SHARM EL-SHEIKH: The booming economies of Gulf nations will continue to grow in spite of increasing inflation, labor unrest and instability in global financial markets.

At least that’s what experts predicted Tuesday in a debate entitled “Is the Gulf Crash Coming? at the World Economic Forum on the Middle East in Sharm El-Sheikh.

Apparently, it is not.

As the never-ending surge in oil prices threatens to unhinge many economies, GCC countries are actually benefiting from the price hikes.

GCC countries own 50 percent of the world’s oil reserves and 30 percent of global gas reserves.

“There is no expectation that price or demand for oil will decrease, so the future of Gulf countries in terms of revenues from oil is secure, said Fouad Alaeddin, managing partner of Middle East Ernst and Young, Jordan.

Shafik Gabr, chairman and managing director of Artoc Group for Investment and Development, Egypt, concurred, saying that Gulf economies will not crash, at least not within the next two to three years. However, he did admit that there will be challenges that must be faced, especially unresolved political issues that can ignite the situation in the region.

“We cannot grow economically without developing politically, said Saad Barrak, deputy chairman, group CEO and managing director of Zain, Kuwait.
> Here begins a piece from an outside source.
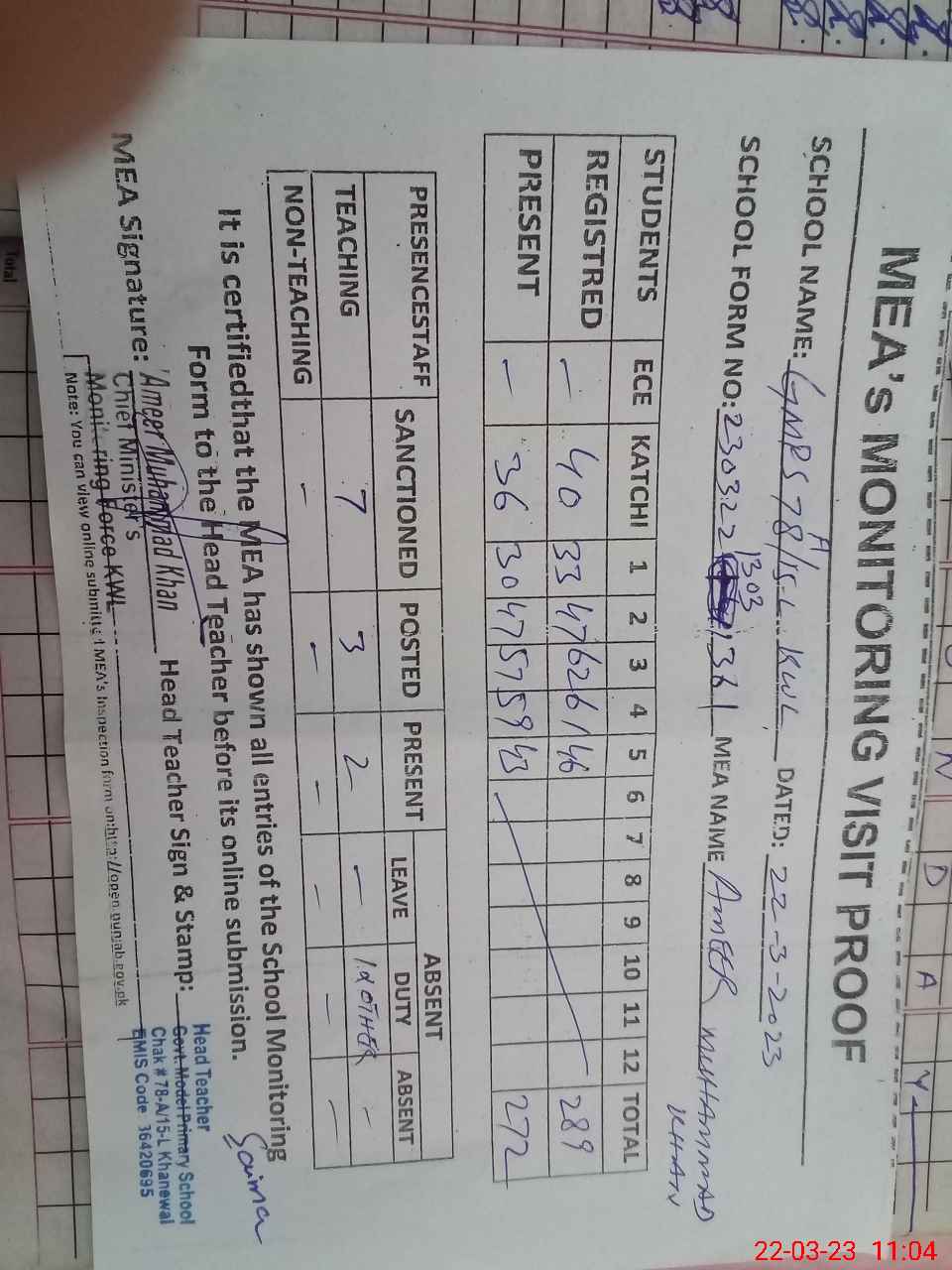 | EMIS Code: 36420695 | Name of School: GPMS 78-A/15-L, KACHA KHUH | |||
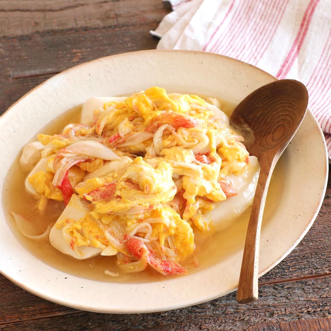 電子レンジで加熱した豆腐の上にフライパンで焼いたふわふわ卵を乗せ、上にあんかけをかけるだけで完成します。

He warned of a “black swan effect, meaning unpredictable events that affect the performance of nations. Government policies, including transparency and balance of power, are elements that GCC countries lack and that could affect economic performance, he explained.

Addressing another challenge, Nasser Al Shaikh, chairman of Amlak Finance, United Arab Emirates, worries that GCC countries will not be able to attract enough human capital “with the talent to execute the projects we have in mind.

Still, he agreed that there will be no economic crash since liquidity in the GCC is secured, amounting to $9 trillion up to the year 2020.

Gabr highlighted concerns that a weakening US dollar – to which GCC currencies peg their currency – will deter foreign laborers from coming to the GCC because of higher commodity prices.

On the other hand, Alaeddin said the US’s wavering economy will result in the flow of human capital away from the West and towards the GCC. He was also confident that GCC governments will be able to deal with imported inflation, citing political instability as the only challenge facing the region.

“Everything is a short fuse and [political] crisis effects are immediate. There is no time to talk or preach of what should happen; we must do the right thing, Gabr said.

To that, Barrak boldly replied that if it was up to governments to solve political turmoil, then nothing would be solved. “I don’t trust governments; they are the lousiest people in the world to make political or economic decisions, he said.

He also called on the shift of power of public wealth in GCC countries from the government to the private sector to ensure more efficient management.

The issue of public wealth has been addressed in some GCC countries.

Saudi Arabia has been initiating public-private partnerships. Six economic zones are currently being built there, none of which are developed by the government.

“How governments manage wealth is not an issue that will be solved overnight, Al Shaikh added, “the GCC is very attractive; it’s not perfect, it’s still a work in progress, but those not in the GCC are losing big time.